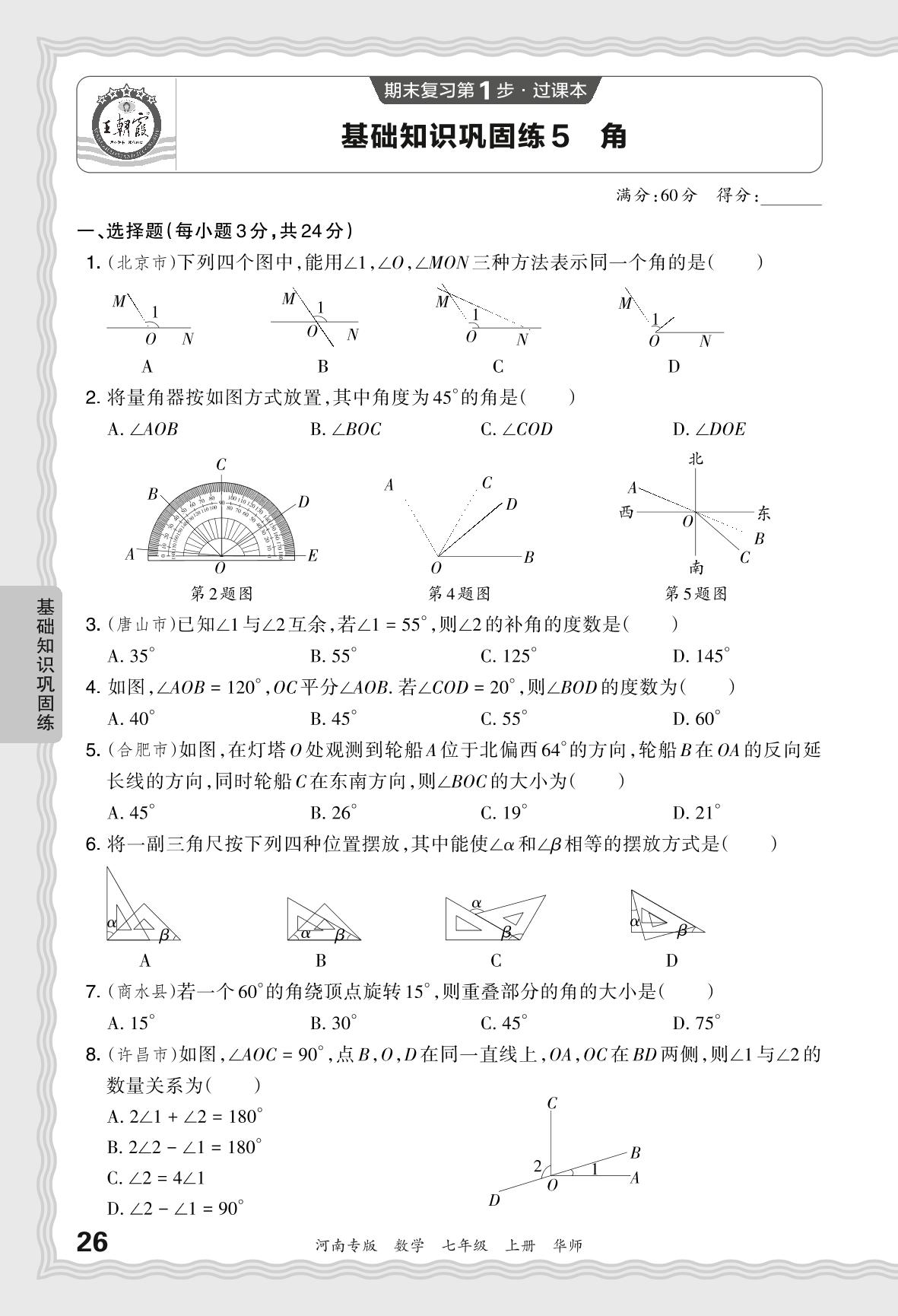 2023秋上册七年级数学华师版 期末过课本·基础知识巩固练 角【5】
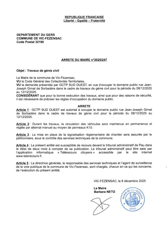08-12-2025- Arrêté n°2025/247 - Travaux de génie civil (rue Jj Gimat de Sorbadère)
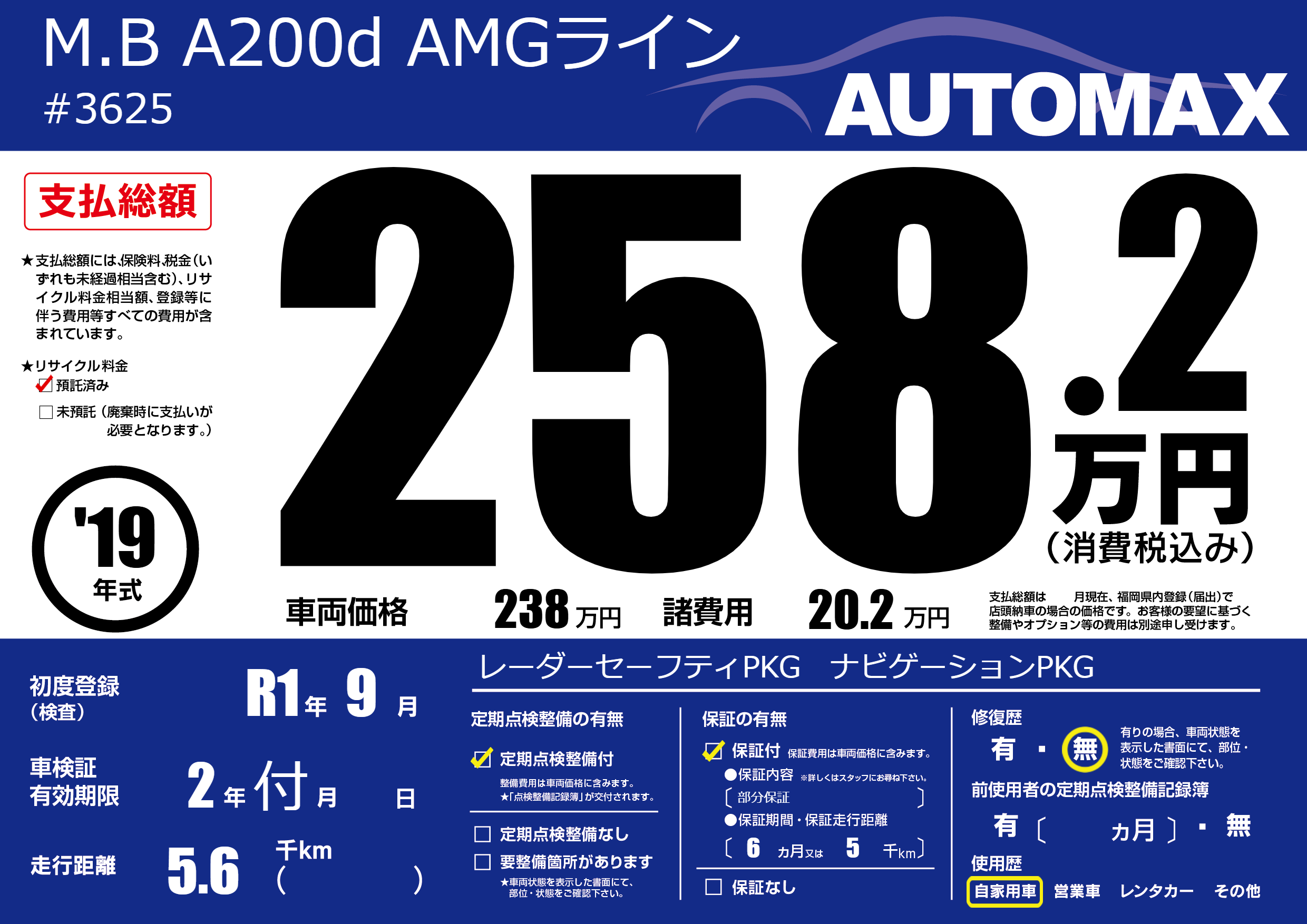 | 車名 | M.B A200d AMGライン | グレード ミッション 排気量 |
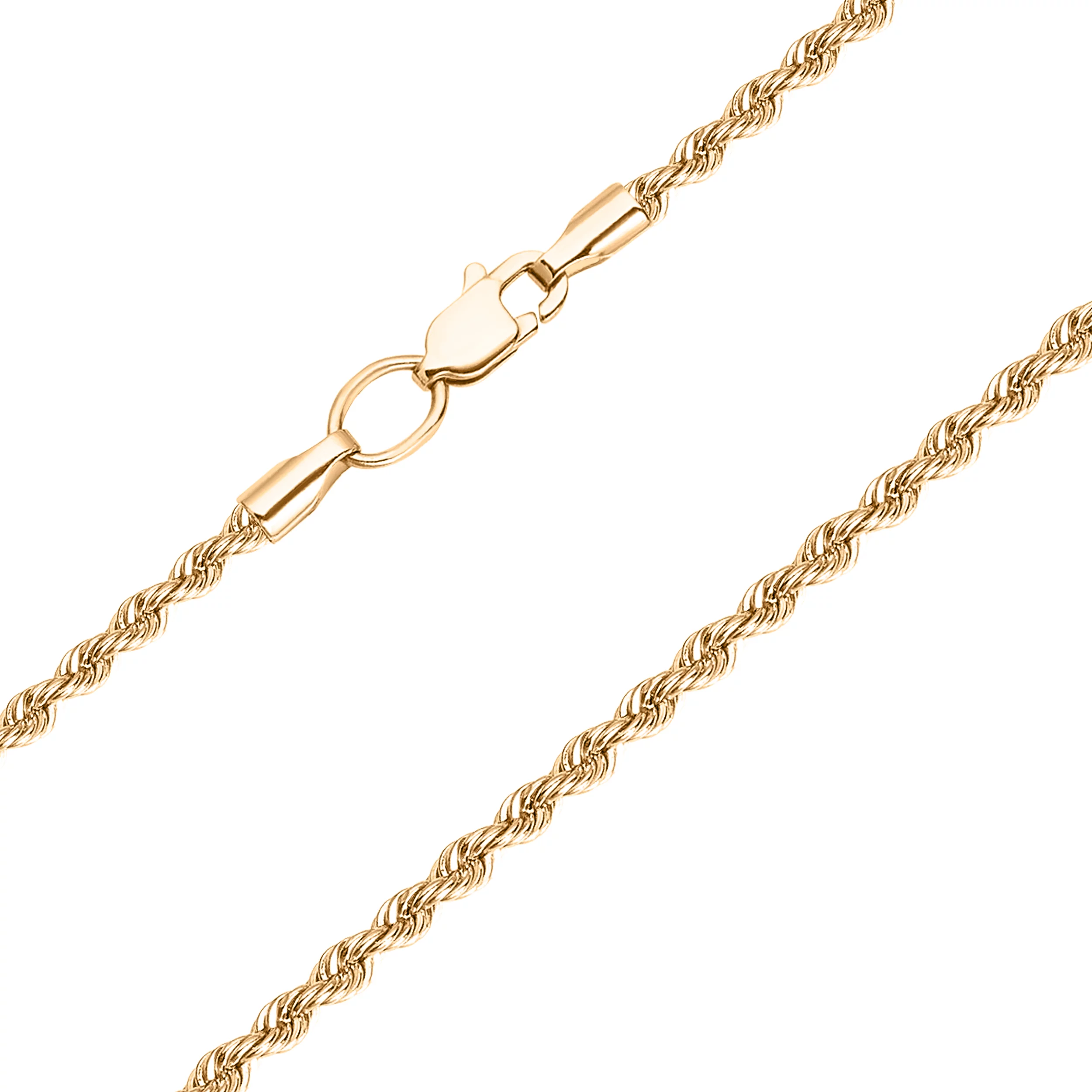 Універсальний ланцюжок із червоного золота підійде для чоловіків та жінок. Прикраса 585 проби відрізняється теплим золотистим відтінком завдяки додаванню до сплаву міді. Технологія плетіння «мотузка» притягує погляди незвичайним візерунком і має особливу міцність. На краях ланцюжок з'єднується карабінним замком із міцним кільцем, що гарантує надійну фіксацію на шиї. Виріб можна носити як із кулоном, так і самостійно. Прикраса підкреслить вишуканий смак та стиль. Ланцюжок із червоного золота стане цінним подарунком для дорогої людини або для себе.
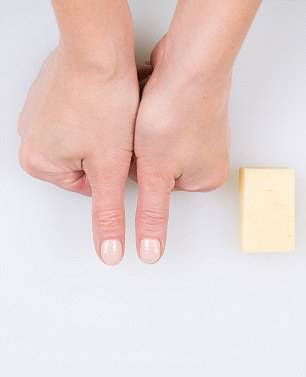 la misura è 30 gr di formaggio, lunghezza e profondità dei vostri due pollici. Queste sono 125 calorie che vi danno 1/3 del bisogno di calcio al giorno.
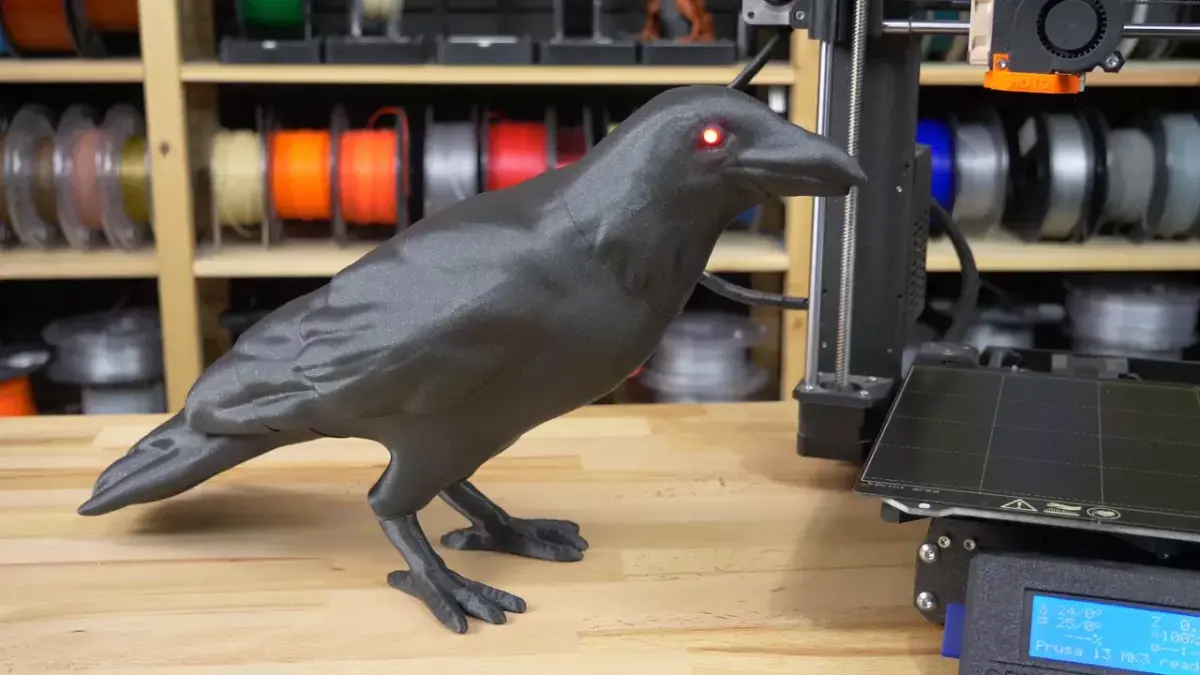 Features: multipart STL (body, head, beak, feet), hollowed for wiring, snap-fit LED/battery holder, realistic texture
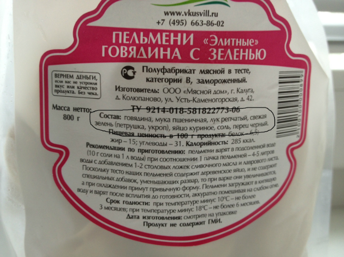 Фарш: свинина, говядина, вода, лук, соль, сахар, пряности. Тесто: мука в/с, вода, соль, яичный порошок, улучшитель муки.
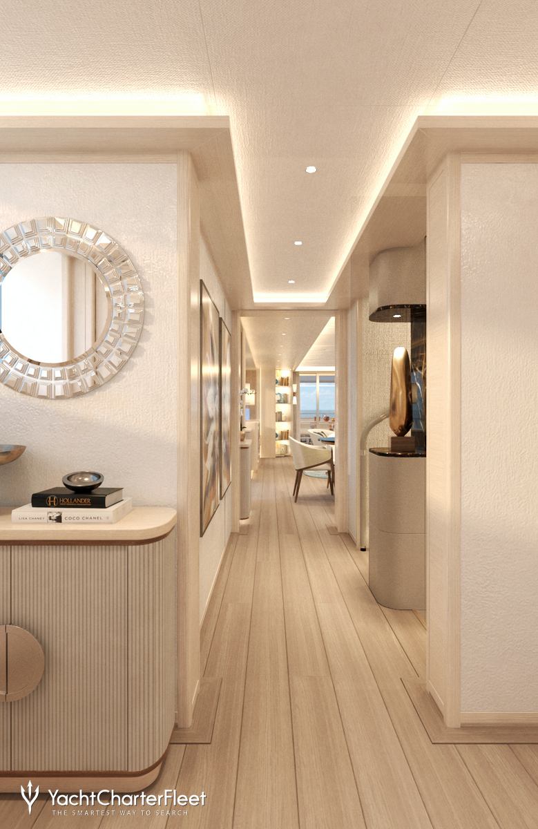 Built in 2025, Ad Astra offers guest accommodation for up to 10 guests in 5 suites comprising a master suite, two VIP cabins and two twin cabins. She is also capable of carrying up to 6 crew onboard to ensure a relaxed luxury yacht charter experience.

○ ○ ○

Task prompt - Word for word, return the material above, but drop the pictures.

Your response -
 2023秋上册七年级数学华师版 期末过课本·基础知识巩固练 角【5】
08-12-2025- Arrêté n°2025/247 - Travaux de génie civil (rue Jj Gimat de Sorbadère)
 | 車名 | M.B A200d AMGライン | グレード ミッション 排気量 |
 Універсальний ланцюжок із червоного золота підійде для чоловіків та жінок. Прикраса 585 проби відрізняється теплим золотистим відтінком завдяки додаванню до сплаву міді. Технологія плетіння «мотузка» притягує погляди незвичайним візерунком і має особливу міцність. На краях ланцюжок з'єднується карабінним замком із міцним кільцем, що гарантує надійну фіксацію на шиї. Виріб можна носити як із кулоном, так і самостійно. Прикраса підкреслить вишуканий смак та стиль. Ланцюжок із червоного золота стане цінним подарунком для дорогої людини або для себе.
 la misura è 30 gr di formaggio, lunghezza e profondità dei vostri due pollici. Queste sono 125 calorie che vi danno 1/3 del bisogno di calcio al giorno.
 Features: multipart STL (body, head, beak, feet), hollowed for wiring, snap-fit LED/battery holder, realistic texture
 Фарш: свинина, говядина, вода, лук, соль, сахар, пряности. Тесто: мука в/с, вода, соль, яичный порошок, улучшитель муки.
 Built in 2025, Ad Astra offers guest accommodation for up to 10 guests in 5 suites comprising a master suite, two VIP cabins and two twin cabins. She is also capable of carrying up to 6 crew onboard to ensure a relaxed luxury yacht charter experience.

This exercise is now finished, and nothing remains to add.